The question remains: Against the background of so many imponderables, can the price trend in the real estate sector really continue like this? Doubts are necessary. At least the current “Germany Monitor” from Deutsche Bank reports them. The study gives an outlook on the German housing market in the current year and forecasts the first signs of relaxation for the long-lasting real estate cycle in 2024.

However, it does so with the necessary caution, after all contradictory developments characterize the situation: On the one hand, the arrival of countless war refugees with logical housing needs and rising inflation are delaying the end of the cycle; On the other hand, however, a committed climate policy and a reduction in financial incentives for energy-efficient refurbishment suggest that the cycle will soon come to an end.

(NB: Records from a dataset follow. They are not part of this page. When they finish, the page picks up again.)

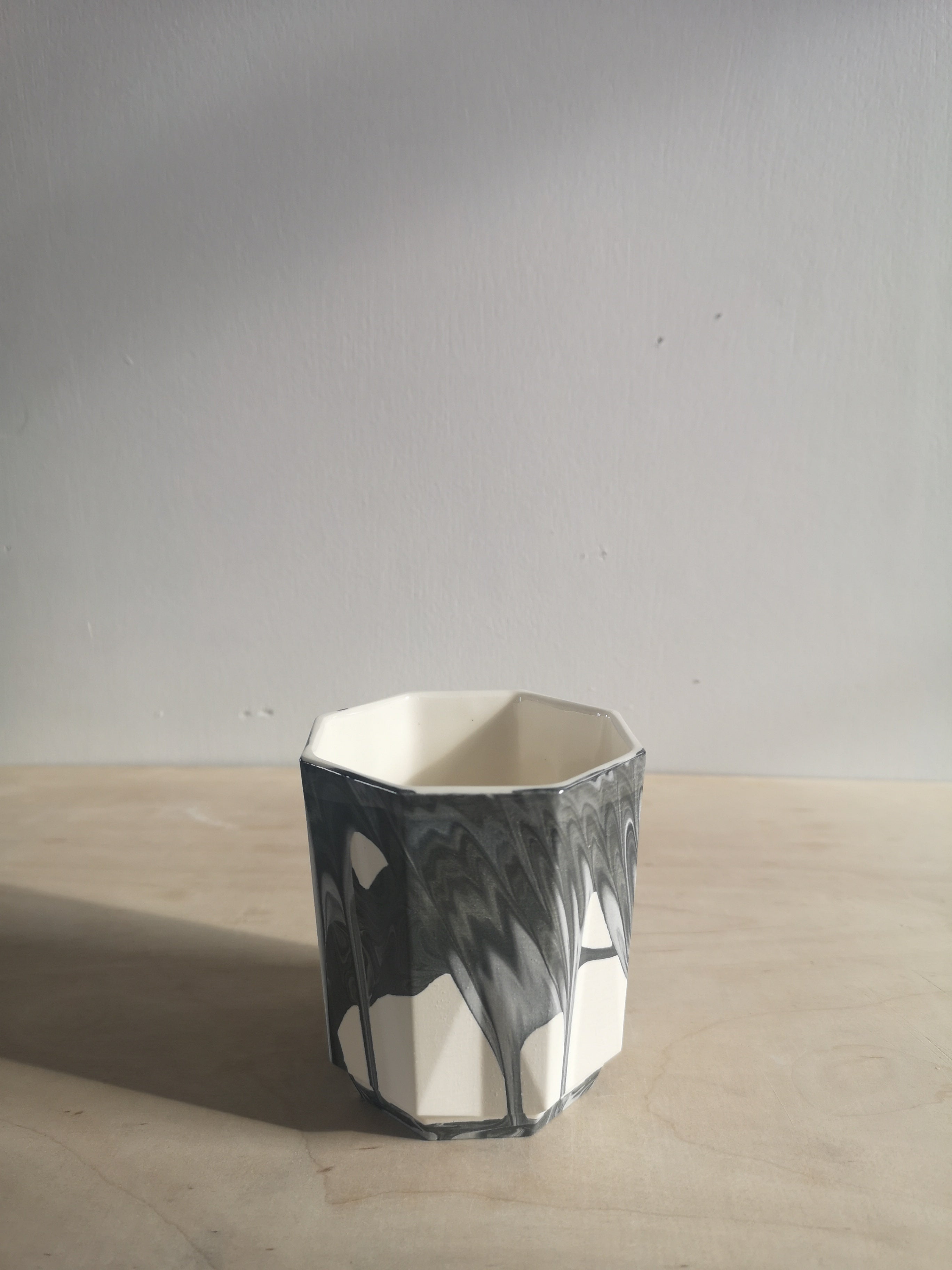 Black and white marbled tumbler cast in porcelain. Perfect for a refreshing lemonade or fancy cocktail.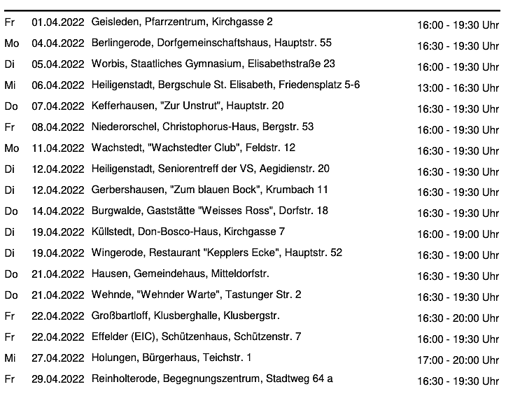 Blutspendetermine im April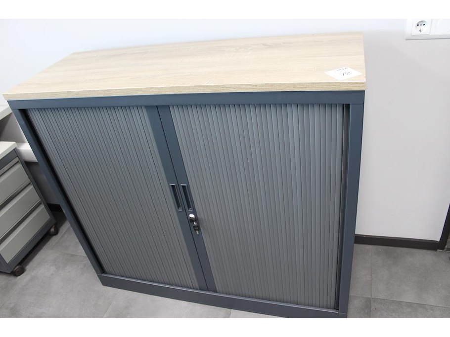 Archiefkast met twee roldeuren. Afmeting 120 x 44 x 108 cm.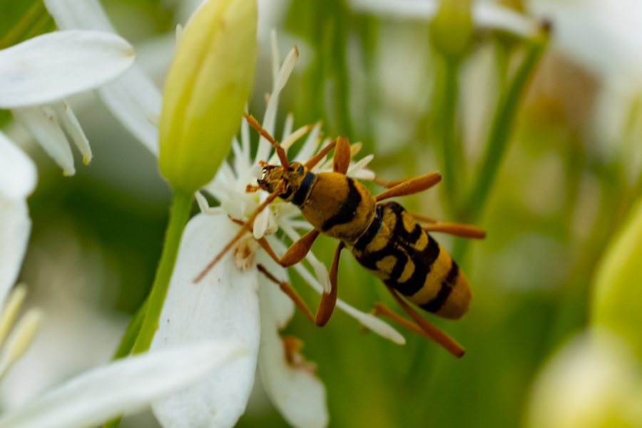 ところで、このヨツスジトラカミキリ、黄色い体に複数の黒いスジがあるが、どう見ても「四つスジ」には見えないんだけどなぁ。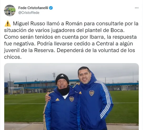 El periodista Federico Cristofanelli informó que “Russo consultó por varios jugadores del plantel y como serán tenidos en cuenta, la respuesta fue negativa”. Y sumó: “Podría llevarse cedido a algún juvenil de la Reserva y dependerá de la voluntad de los chicos”.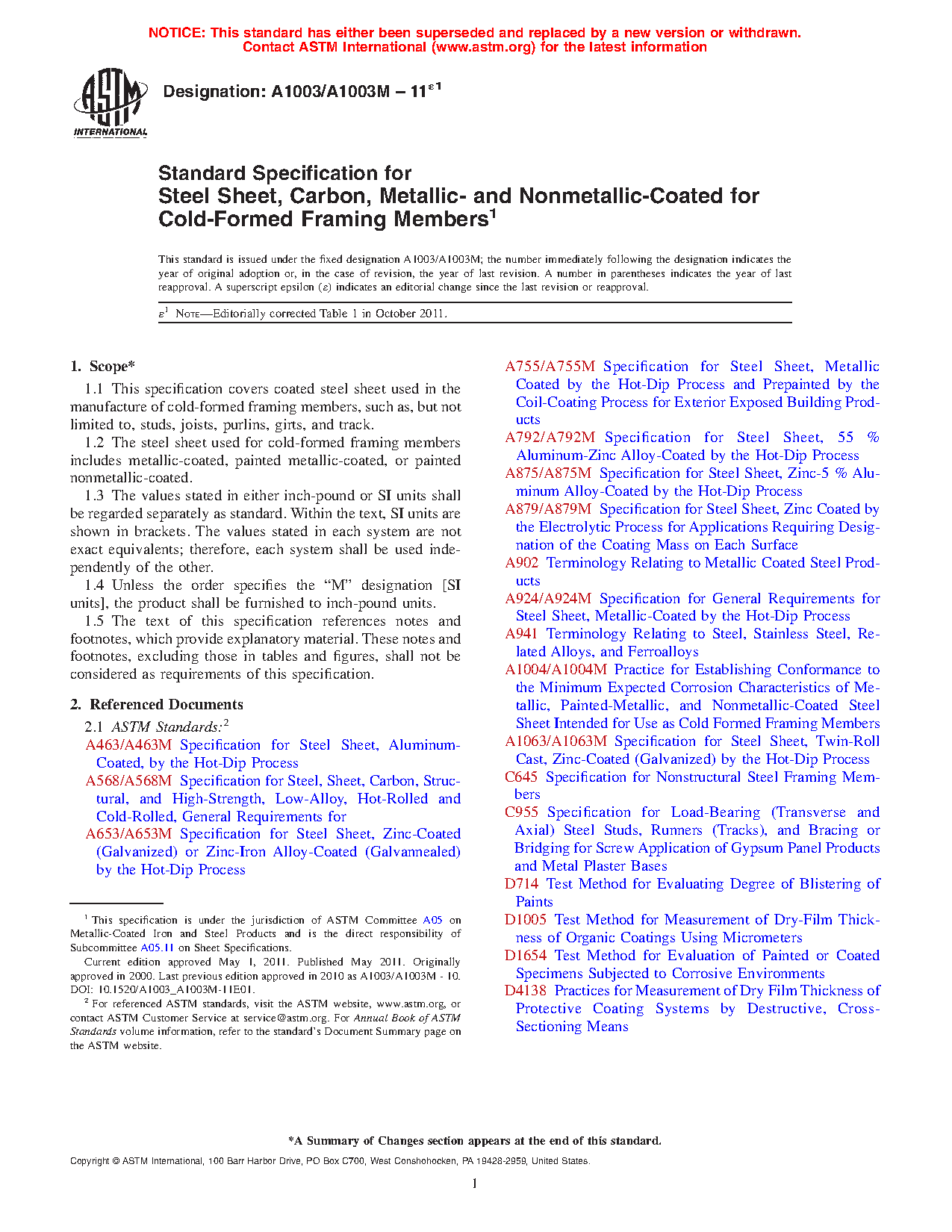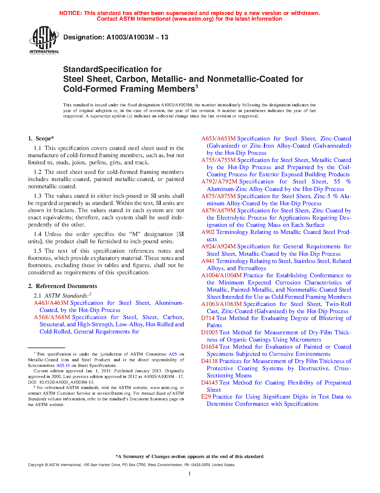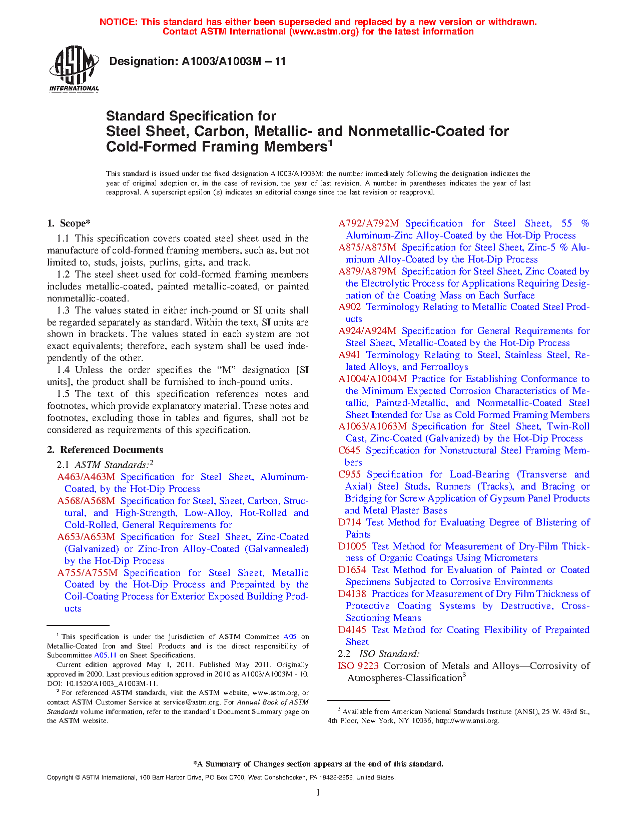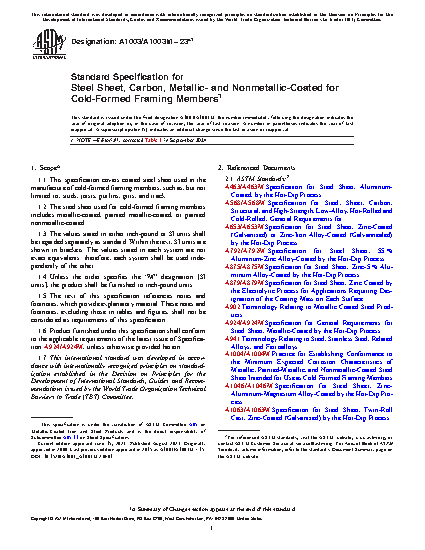 1.1 This specification covers coated steel sheet used in the manufacture of cold-formed framing members, such as, but not limited to, studs, joists, purlins, girts, and track.

Read more: Experts expect falling real estate prices: “Demand could collapse overnight”

According to Deutsche Bank, German real estate prices will only fall moderately. Assuming inflation of only two percent, the authors of the study put the decline between 2024 and 2026 at two percent per year, which means that real estate in Germany will remain expensive by international comparison. What’s more: If one assumes inflation to rise by another seven percent in 2022 and 2023 and assumes that average nominal price growth between 1970 and 2008 will be 2.5 percent after the correction phase, the fall in prices is likely to be even lower. According to the study, cumulative house prices in 2030 would then be 24 percent higher than in 2021.

Opportunities for house price increases vary from city to city

Even if the fundamental shortage of supply in many cities – for example due to lower influx during the pandemic years – has been eliminated: IReal estate investors need not worry unduly. Although there are certainly differences between the largest German cities. While there are signs of an end to shortages in Hamburg, Düsseldorf, Bremen and Nuremberg, in Berlin, Cologne, Stuttgart, Leipzig and Hanover there is a good chance that the markets there will remain tight for a few more years and prices will remain correspondingly stable.

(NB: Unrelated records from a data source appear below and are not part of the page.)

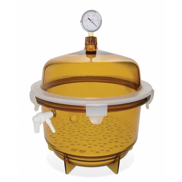 These high-quality vacuum desiccators stay gastight allowing reliable dry storage or experiments over extended periods. Able to maintain 29in.-Hg vacuum for over 72 hours at room temperature, they provide vacuum integrity resulting in lower maintenance and greater peace of mind. Viton 3-way valve offers consistent and uniform vacuum draw, vacuum release, or gas exchange Vacuum level checking is simplified with a built-in analog vacuum gauge at the top of the unit High-quality silicone O-ring and specially designed locking ring allow outstanding vacuum capability with virtually no leakage Amber tinted UV blocking models block 100% of UVA, B, and C light to minimize damages or discoloration of light-sensitive samples Locking ring secures top and bottom halves when vacuum not in use; provides additional convenience and safety when moving the unit Includes desiccant tray Use with any vacuum with free air capacity of 1.5 cubic feet per minute (CFM) or greaterWARNING This product can expose you to chemicals including Lead and Bisphenol-A , which is known to the State of California to cause cancer or birth defects or other reproductive harm. For more information go to www.P65Warnings.ca.gov.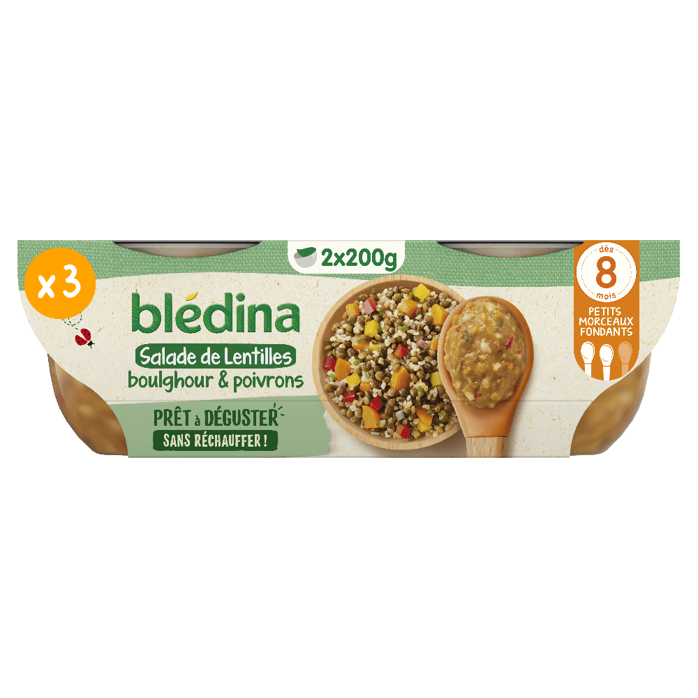 Découvrez notre notre Salade de Lentilles Boulghour et Poivrons revisitées et adaptées à bébé*, une recette directement prête à déguster sans besoin de la réchauffer ! Avec des petits morceaux fondants pour préparer bébé à bien mâcher ! Désormais les bols Blédina sont sans couvercle ! Et non sans raison, car cela permet à Blédina d’éviter l’utilisation de plus de 130 tonnes de plastique par an**. Cela représente une réduction de 35,6% de plastique sur chacun de nos bols ! Ce lot contient 6 bols de 200g chacun *conformément à la réglementation de l'alimentation infantile **Sur les Bols Blédina (midi et soir) 2x200g sur la base des ventes annuelles 2023.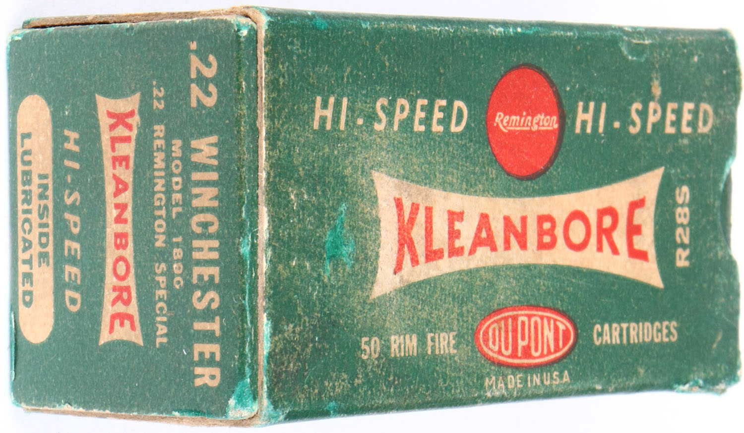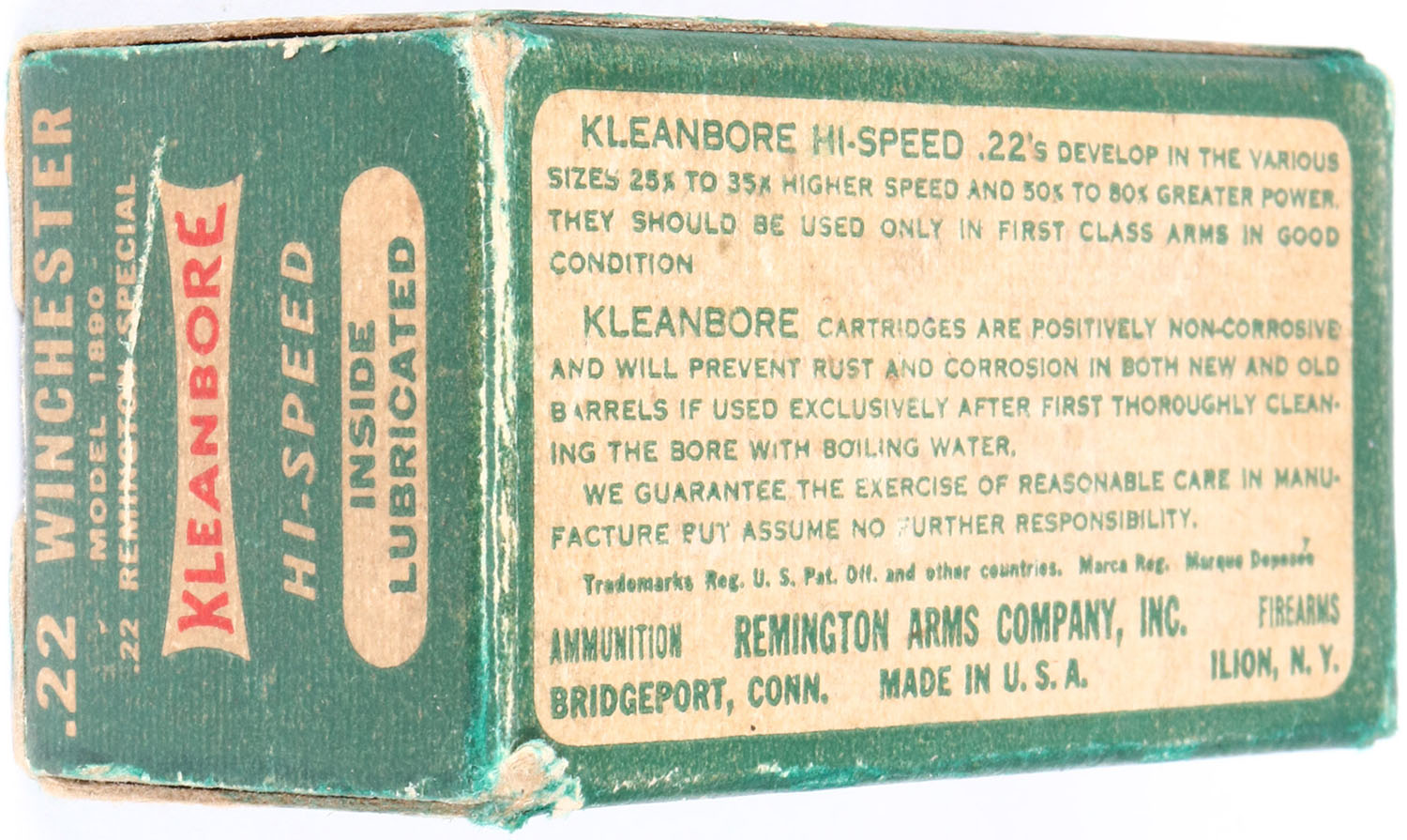 Remington, Kleanbore, .22 Winchester Rim Fire, Hi-Speed, RHWeb: REM-9 WRF-1b, Full, 1pc. Green white & red box, box is solid with very good color, some age soiling & shelf wear, some corner wear, edges are mostly crisp, end flaps are solid, ammo is excellent. Grade: Excellent - Value: 10 to 50

  • Currently at Berlin however, prices will remain tight well beyond 2024. The interplay of too few building permits from state decision-makers and a high influx of people, which almost offsets the immigration balance, acts as a price driver here.
  • In München the researchers of the Germany Monitor recognize a clear lack of living space, but due to the extremely high ratings, they see the end of the cycle in the Bavarian state capital. And that could – as with the other candidates – have a not inconsiderable signal effect on the market.
  • For the situation in Köln in turn, the Empirica real estate price index 1/2022 names the main reason: The risk of a bubble forming there is rather moderate, since too little is being built in the Rhine metropolis.
  • The consolidation of the market in Frankfurt am Main on the other hand, indicates incorrect forecasts about Brexit. While in recent years large numbers of high-priced properties have been built in a rush, significantly fewer employees in the financial sector are drawn from Great Britain to the Main.

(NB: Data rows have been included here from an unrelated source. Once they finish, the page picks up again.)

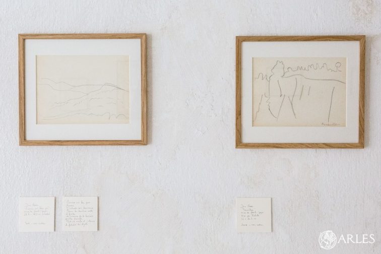 A la galerie La marchande des quatre saisons, sont exposés des dessins que Dora Maar croquait sur le vif autour de Ménerbes. Photographe au début de sa carrière, elle consacrala fin de sa vie à la peinture et au dessin, notamment après sa rencontre avec Picasso. Sous les dessins, des extraits de ses poèmes choisis par la galeriste Anne Carpentier. photo O. Quérette/ektadoc/ville d’Arles.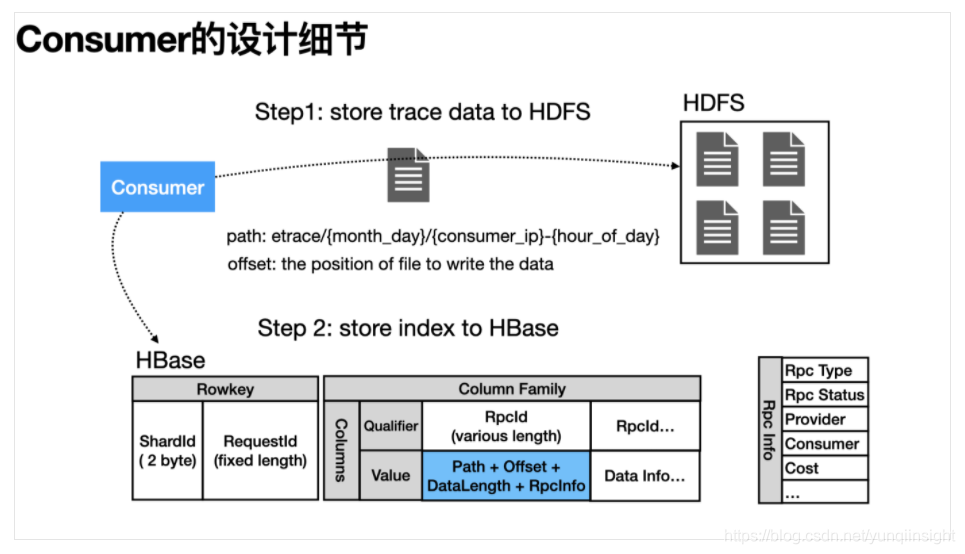 Consumer组件的核心任务就是将链路数据写入存储。主要思路是以RequestId+RpcId作为主键,对应的Data数据写入存储的Payload。再考虑到可观测性场景是写多读少,并且多为文本类型的Data数据可批量压缩打包存储,因此我们设计了基于HDFS+HBase的两层索引机制。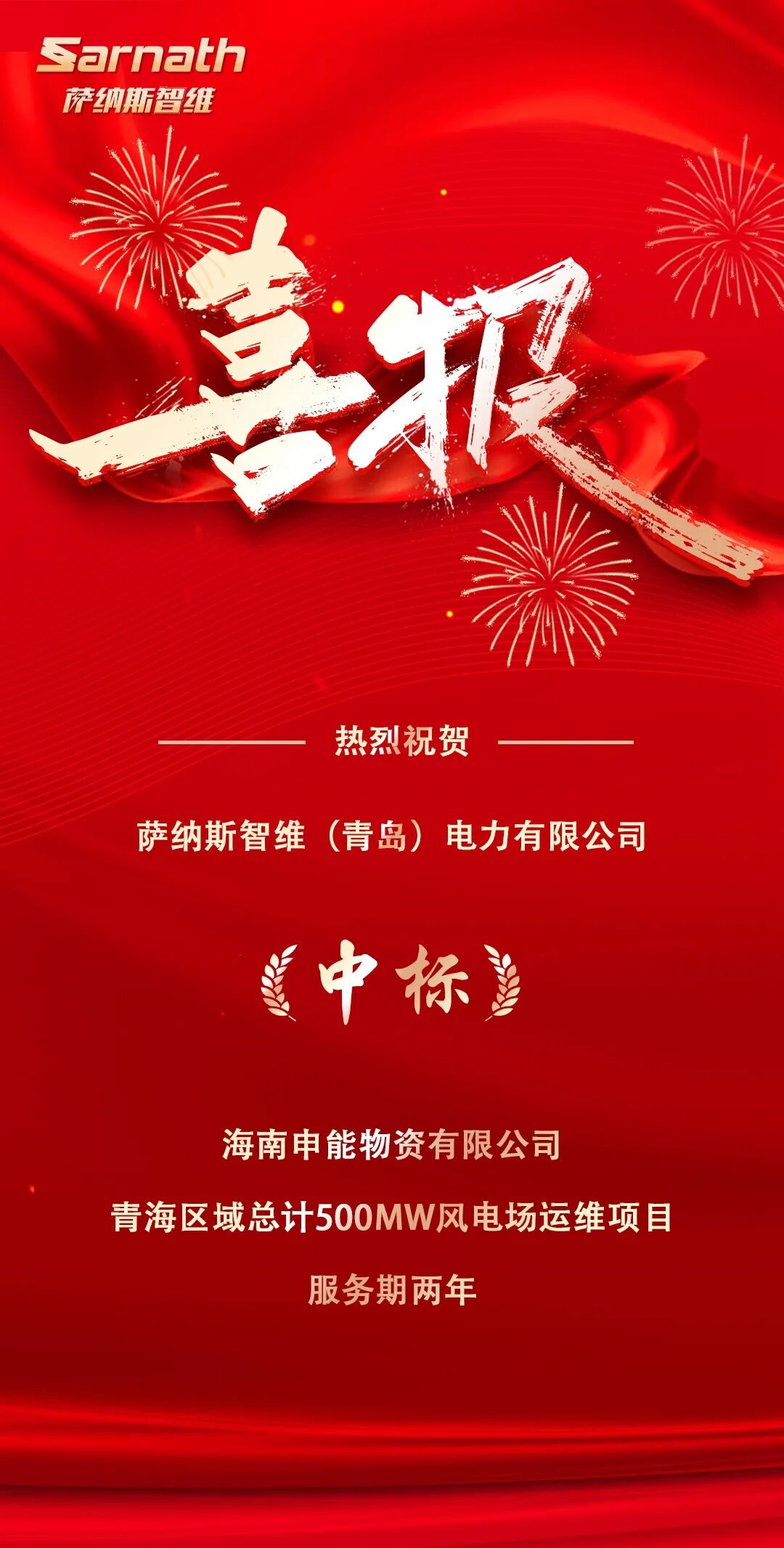 喜报!萨纳斯智维成功中标青海区域500MW风电场项目!

If you ask Empirica boss Reiner Braun what determines the price of an apartment the most, his answer is no longer, as has been the case for a long time, “location, location, location”. In our money-flooded economy, describe the rule of thumb “Interest, interest, interest” the central factor much earlier, because today every location would be paid for dearly.

This is still not wrong. In the case of luxury real estate in particular, persistently low or even negative interest rates throughout Europe are spurring on demand and ensuring handsome prices. After all, they make many other investments less profitable. In addition, Covid has given business in this segment a further boost. However, these purchases are often not even an investment in the traditional sense. The premium properties are popular with people who want to live in them themselves – and they themselves ensure attractive increases in value.